After five years fighting to preserve Bashar al-Assad’s regime in Syria, Russia now appears inclined to dispose of its infamous client. Assad’s persistent brutality and corruption, and his inability to establish even the semblance of a functioning state, has grown to be a burden Moscow would prefer not to bear.
And then there’s the problem of Iran. Assad, members of his family, and his Alawite clansmen enjoy close, perhaps unbreakable, bonds to the regime in Tehran and to Iranian-backed militias in Syria. All of which undermines Moscow’s primary mission there: to rehabilitate the Assad regime as a symbol of stability capable of attracting hundreds of billions of dollars of foreign investment for reconstruction, which Russian firms would then be poised to receive.
As long as Assad’s relatives continue to function as a mafia and give free rein to Iranian troops using Syria as base of operations to threaten Israel and plan attacks against U.S. troops in Iraq, those countries likely to foot the bill for Syrian reconstruction—the nations of Europe and the Gulf—are unlikely to come up with the cash.
This has not gone unnoticed by the United States.

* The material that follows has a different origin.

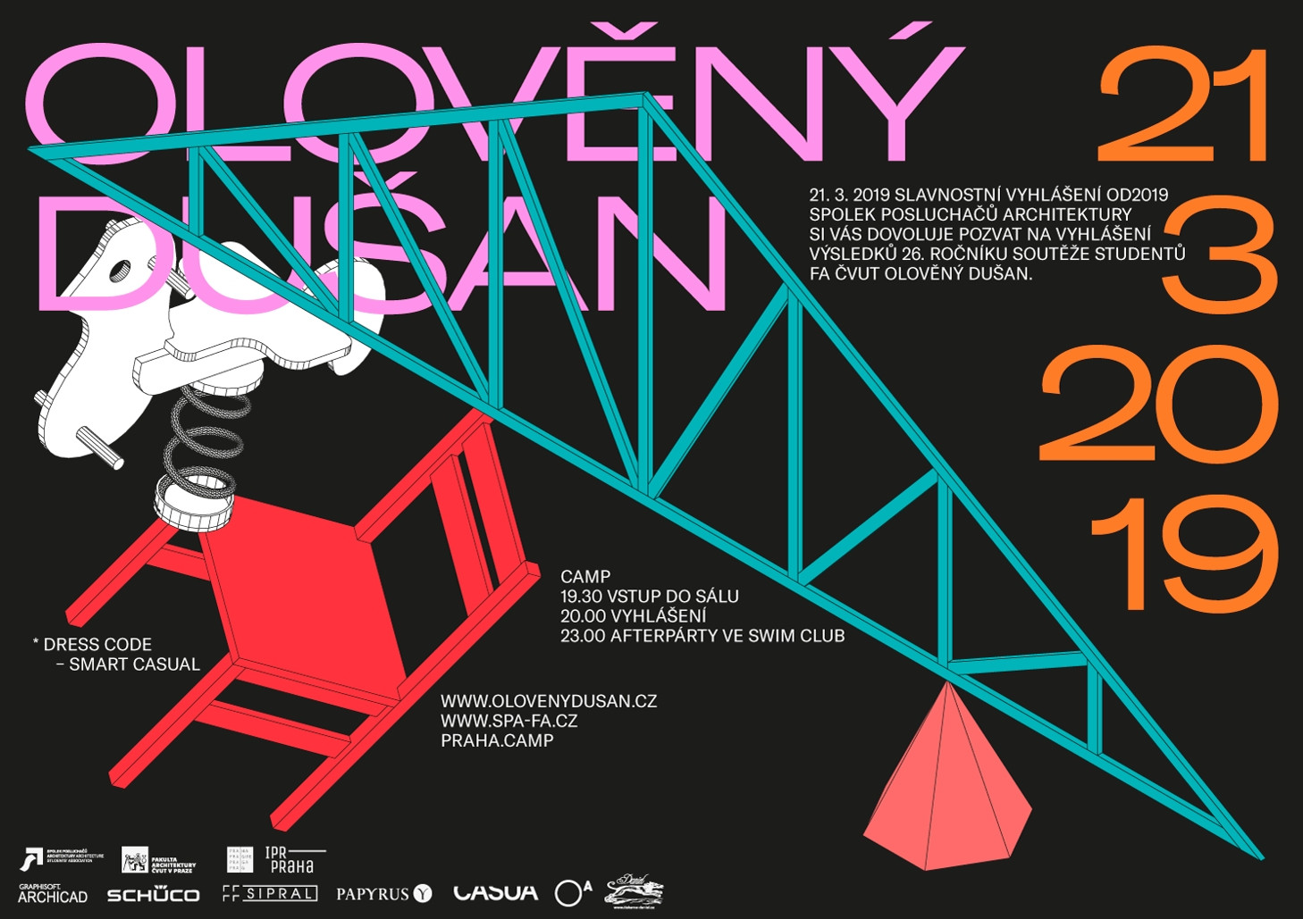Studentský Spolek posluchačů architektury při Fakultě architektury ČVUT Vás zve na vyhlášení výsledků 26. ročníku Olověného Dušana, kultovní soutěže o nejlepší studentské projekty a ateliéry. Sošku Olověného Dušana každoročně uděluje nezávislá porota složená z předních českých architektů, designérů a osobností spjatých s těmito obory. Galavečer proběhne 21. 3. 2019 od 20 hodin v hlavním sále Centra architektury a městského plánování C.A.M.P. Nominované a vítězné projekty a ateliéry budou představeny ve dvou oborech – Architektura a urbanismus a Design.

“Assad has done nothing to help the Russians sell this regime,”James Jeffrey, the U.S. special envoy for the Coalition to Defeat ISIS, told reporters in a State Department briefing on Thursday. “You find Assad has nothing but thugs around him, and they don’t sell well either in the Arab world or in Europe. We have heard repeatedly from Russians we take as credible that they understand how bad Assad is”.